*Work to be completed*.
A faithful copy of every entry, with the pictures removed, is what is needed here.

*Record extracts*.
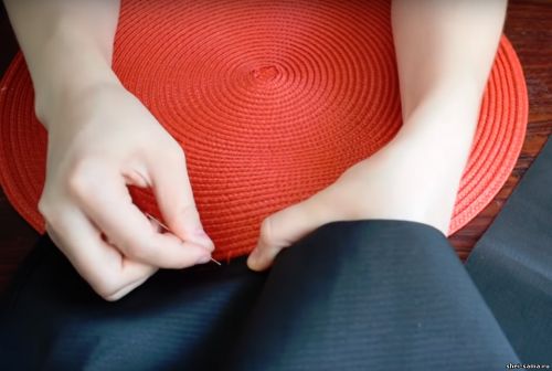 Теперь я приметываю боковую часть к салфетке. Это довольно неудобно делать, потому что нитка постоянно цепляется за салфетку, то завязываются узелки, то нитка вообще рвется.
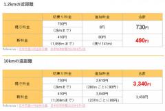 ただし、初乗り後の加算も変更されました。 280メートルごとに90円→237メートルごとに80円です。 従来の運賃より約1.7キロメートルまでは値下げとなり 約6.5キロメートル以上では値上げになるそうです。
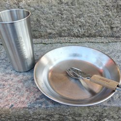 Tallrikslåda, kåsa, fältflaska, campingset
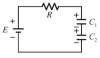 62.如圖所示,電容器 C1 = 9μF、C2 = 18μF,電阻,直流電源 E = 24V,當電路 已達穩定狀態,則下列敘述何者正確?(統測 105)(A) 電容器 C1 的電壓為 12V (B) 電容器 C2 的電壓為 16V (C) 儲存於電容器 C1 的電量為 144μC (D) 儲存於電容器 C2 的電量為 216μC
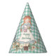 Esta festa que mostra uma cena aquosa de Anne of Green Gables vestindo um vestido azul com um avental branco. No avental diz-se "Parabéns". Este texto pode ser personalizado se quiserem. O fundo é um padrão de verificação de gingham verde e branco. O chapéu perfeito para qualquer fã de Anne of Green Gables.
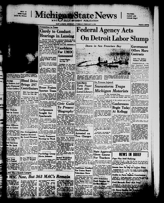 Michigan State news. (1954 February 9)
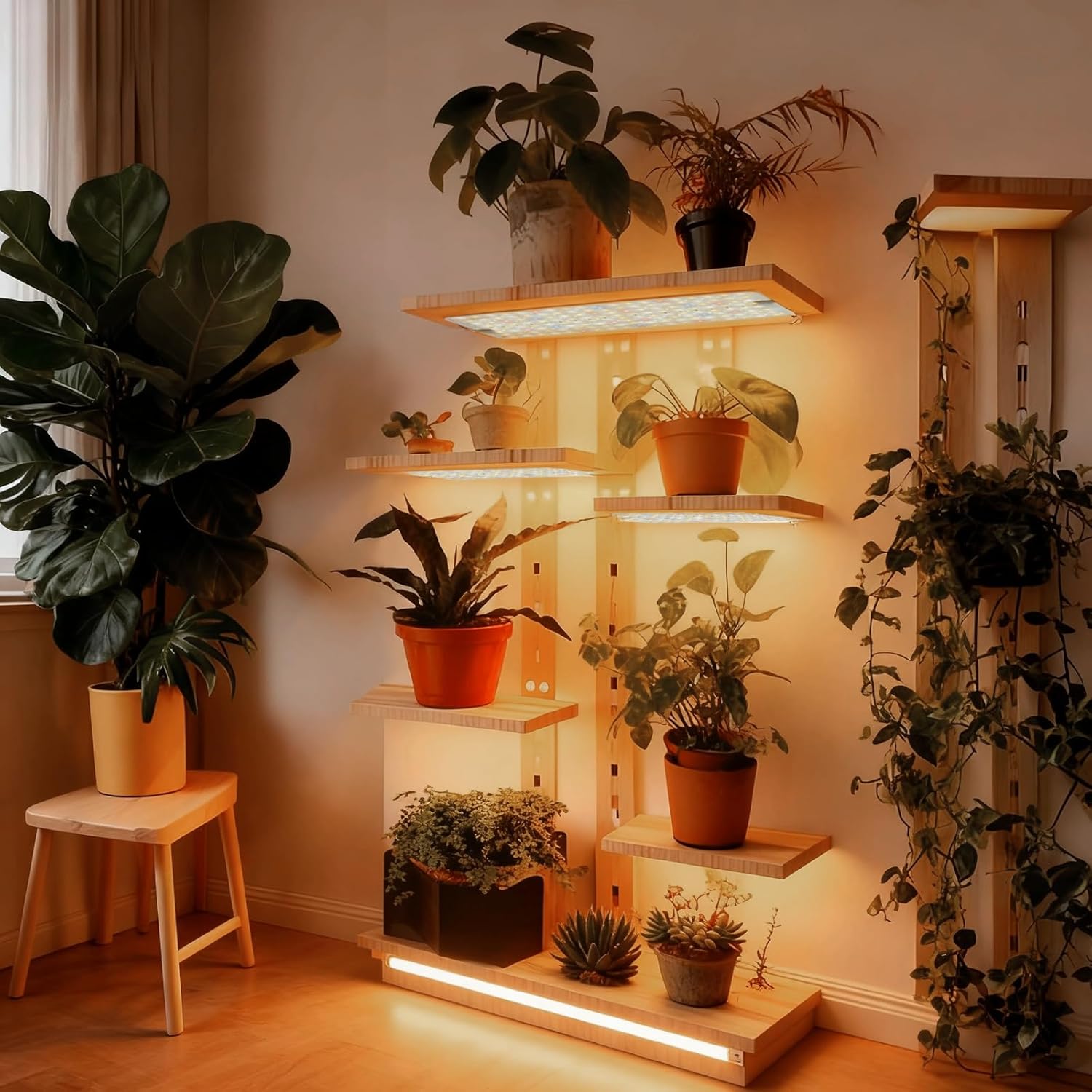• Ultra Slim Seed Starting Light Strips with Easy Installation Kit: Featuring a discreet, minimalist design that blends seamlessly into any home decor. Complete with adhesive tape and twist ties for tool-free installation, these versatile plant lights fit perfectly on shelves, cabinets, greenhouses, and other inside growing spaces.

*Your solution*.
 Теперь я приметываю боковую часть к салфетке. Это довольно неудобно делать, потому что нитка постоянно цепляется за салфетку, то завязываются узелки, то нитка вообще рвется.
 ただし、初乗り後の加算も変更されました。 280メートルごとに90円→237メートルごとに80円です。 従来の運賃より約1.7キロメートルまでは値下げとなり 約6.5キロメートル以上では値上げになるそうです。
 Tallrikslåda, kåsa, fältflaska, campingset
 62.如圖所示,電容器 C1 = 9μF、C2 = 18μF,電阻,直流電源 E = 24V,當電路 已達穩定狀態,則下列敘述何者正確?(統測 105)(A) 電容器 C1 的電壓為 12V (B) 電容器 C2 的電壓為 16V (C) 儲存於電容器 C1 的電量為 144μC (D) 儲存於電容器 C2 的電量為 216μC
 Esta festa que mostra uma cena aquosa de Anne of Green Gables vestindo um vestido azul com um avental branco. No avental diz-se "Parabéns". Este texto pode ser personalizado se quiserem. O fundo é um padrão de verificação de gingham verde e branco. O chapéu perfeito para qualquer fã de Anne of Green Gables.
 Michigan State news. (1954 February 9)
• Ultra Slim Seed Starting Light Strips with Easy Installation Kit: Featuring a discreet, minimalist design that blends seamlessly into any home decor. Complete with adhesive tape and twist ties for tool-free installation, these versatile plant lights fit perfectly on shelves, cabinets, greenhouses, and other inside growing spaces.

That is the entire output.